Los zapatones, el mendrugo y los cuentos de princesas

Varios años después del caso que estudiamos, Godofredo Daireaux escribió un artículo en el que presentaba una especie de balance sobre el éxito y los límites que habría tenido, a su entender, la incorporación de indígenas -por medio de los repartos- a la sociedad nacional. Entre los casos propicios mencionó:

Una hija de cacique, adoptada por sus amos, educada y dotada por ellos, admirablemente instruida, sedujo por su gracia exótica á un gentil hombre de alta sociedad europea, que la hizo condesa; y algunos, allá, seguramente, [infirió] no dejarán de cuchichear: ‘Ha sido india’ (Daireaux, 1900: 24).

La cita de Godofredo Daireaux no tiene ningún tipo de precisión que nos permita una verificación documental. No sabemos si corresponde a alguna descripción real de hechos o si constituye sólo un rumor, pero sabemos que no es la única. En 1912, dos militares que participaron en la “Conquista del Desierto” publicaron historias parecidas.

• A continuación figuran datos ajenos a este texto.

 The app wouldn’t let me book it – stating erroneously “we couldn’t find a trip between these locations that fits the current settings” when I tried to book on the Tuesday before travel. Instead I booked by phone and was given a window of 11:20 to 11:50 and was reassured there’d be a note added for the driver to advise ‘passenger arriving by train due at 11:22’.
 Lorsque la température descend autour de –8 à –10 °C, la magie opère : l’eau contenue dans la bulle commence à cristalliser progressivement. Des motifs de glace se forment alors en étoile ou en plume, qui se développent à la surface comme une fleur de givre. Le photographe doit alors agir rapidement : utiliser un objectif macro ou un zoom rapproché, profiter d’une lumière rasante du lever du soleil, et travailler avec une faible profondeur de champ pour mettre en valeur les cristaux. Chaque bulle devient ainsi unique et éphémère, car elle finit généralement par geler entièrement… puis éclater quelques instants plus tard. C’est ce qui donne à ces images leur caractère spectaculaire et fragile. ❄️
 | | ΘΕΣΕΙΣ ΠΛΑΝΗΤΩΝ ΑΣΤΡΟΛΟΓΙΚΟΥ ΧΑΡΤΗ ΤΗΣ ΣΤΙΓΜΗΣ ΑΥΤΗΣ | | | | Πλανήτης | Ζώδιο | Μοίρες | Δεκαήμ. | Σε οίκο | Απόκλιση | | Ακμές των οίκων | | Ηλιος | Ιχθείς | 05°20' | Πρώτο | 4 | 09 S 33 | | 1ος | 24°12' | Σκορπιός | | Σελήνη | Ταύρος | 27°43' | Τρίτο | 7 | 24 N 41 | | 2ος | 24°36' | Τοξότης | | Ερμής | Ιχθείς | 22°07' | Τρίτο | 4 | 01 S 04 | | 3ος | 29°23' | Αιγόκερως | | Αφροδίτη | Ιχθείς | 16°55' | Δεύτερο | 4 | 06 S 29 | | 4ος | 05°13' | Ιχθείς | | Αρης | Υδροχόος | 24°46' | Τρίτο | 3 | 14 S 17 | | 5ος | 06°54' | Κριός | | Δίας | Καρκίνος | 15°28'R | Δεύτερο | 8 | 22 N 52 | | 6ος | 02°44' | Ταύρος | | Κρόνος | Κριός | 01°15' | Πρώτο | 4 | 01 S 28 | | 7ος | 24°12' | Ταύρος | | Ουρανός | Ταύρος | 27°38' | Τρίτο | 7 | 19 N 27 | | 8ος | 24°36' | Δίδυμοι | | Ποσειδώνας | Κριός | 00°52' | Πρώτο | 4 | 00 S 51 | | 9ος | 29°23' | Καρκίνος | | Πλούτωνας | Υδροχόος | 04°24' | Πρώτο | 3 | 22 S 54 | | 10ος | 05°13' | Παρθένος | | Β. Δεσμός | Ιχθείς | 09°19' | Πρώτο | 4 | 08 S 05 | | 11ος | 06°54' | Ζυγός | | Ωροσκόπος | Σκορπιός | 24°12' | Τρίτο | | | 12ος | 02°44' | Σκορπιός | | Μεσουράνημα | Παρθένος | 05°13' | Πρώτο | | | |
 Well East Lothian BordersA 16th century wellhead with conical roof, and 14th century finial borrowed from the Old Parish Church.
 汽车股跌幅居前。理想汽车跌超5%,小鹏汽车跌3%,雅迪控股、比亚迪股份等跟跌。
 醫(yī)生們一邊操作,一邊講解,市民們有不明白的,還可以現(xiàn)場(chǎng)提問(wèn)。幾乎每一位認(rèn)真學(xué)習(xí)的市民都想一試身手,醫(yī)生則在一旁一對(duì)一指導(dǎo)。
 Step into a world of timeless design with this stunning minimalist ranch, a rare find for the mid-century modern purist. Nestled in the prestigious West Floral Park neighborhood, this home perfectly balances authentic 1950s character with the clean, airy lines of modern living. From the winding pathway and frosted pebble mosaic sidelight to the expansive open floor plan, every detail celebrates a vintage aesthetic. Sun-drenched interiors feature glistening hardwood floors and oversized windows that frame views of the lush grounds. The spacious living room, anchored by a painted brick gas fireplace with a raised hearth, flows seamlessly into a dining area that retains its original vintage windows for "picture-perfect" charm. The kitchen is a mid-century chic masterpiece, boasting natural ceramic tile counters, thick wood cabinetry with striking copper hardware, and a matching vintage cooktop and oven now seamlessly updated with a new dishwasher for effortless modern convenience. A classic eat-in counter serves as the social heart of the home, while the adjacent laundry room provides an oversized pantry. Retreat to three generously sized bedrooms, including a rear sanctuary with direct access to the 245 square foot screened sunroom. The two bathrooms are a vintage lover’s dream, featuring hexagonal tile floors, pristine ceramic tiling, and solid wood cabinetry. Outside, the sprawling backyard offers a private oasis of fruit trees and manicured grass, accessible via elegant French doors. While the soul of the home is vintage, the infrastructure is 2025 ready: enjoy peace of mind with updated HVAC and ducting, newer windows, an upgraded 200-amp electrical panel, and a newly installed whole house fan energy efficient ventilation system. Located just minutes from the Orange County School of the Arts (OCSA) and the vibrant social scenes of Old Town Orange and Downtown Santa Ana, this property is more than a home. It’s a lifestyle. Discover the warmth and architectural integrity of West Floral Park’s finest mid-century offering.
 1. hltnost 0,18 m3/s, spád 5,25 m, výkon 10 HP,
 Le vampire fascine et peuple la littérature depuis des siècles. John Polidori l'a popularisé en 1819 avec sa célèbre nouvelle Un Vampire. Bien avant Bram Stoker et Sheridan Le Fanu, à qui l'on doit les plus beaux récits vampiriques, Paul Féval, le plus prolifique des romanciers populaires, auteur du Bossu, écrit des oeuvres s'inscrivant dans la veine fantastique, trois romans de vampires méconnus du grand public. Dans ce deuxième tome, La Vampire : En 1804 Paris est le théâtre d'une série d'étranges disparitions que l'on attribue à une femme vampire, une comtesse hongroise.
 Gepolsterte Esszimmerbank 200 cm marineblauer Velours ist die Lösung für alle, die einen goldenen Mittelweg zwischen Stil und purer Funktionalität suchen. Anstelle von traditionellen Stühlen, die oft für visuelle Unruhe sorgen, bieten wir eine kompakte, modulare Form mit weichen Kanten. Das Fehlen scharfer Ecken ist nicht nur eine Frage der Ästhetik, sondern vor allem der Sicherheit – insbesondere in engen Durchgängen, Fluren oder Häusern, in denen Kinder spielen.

Santiago Albarracín -miembro de la tripulación del vapor Villarino entre 1878 y 1881, embarcación que trasladaba periódicamente a contingentes de chusma2 aprisionada para su reparto en la Capital- contó que:

Una indiecita fue adoptada por la esposa del ministro de una potencia europea acreditado cerca de nuestro gobierno y fue esmeradamente instruida y educada, contrayendo más tarde en Europa un ventajoso enlace, siendo un modelo de distinción (Albarracín, 1912: 97, §**).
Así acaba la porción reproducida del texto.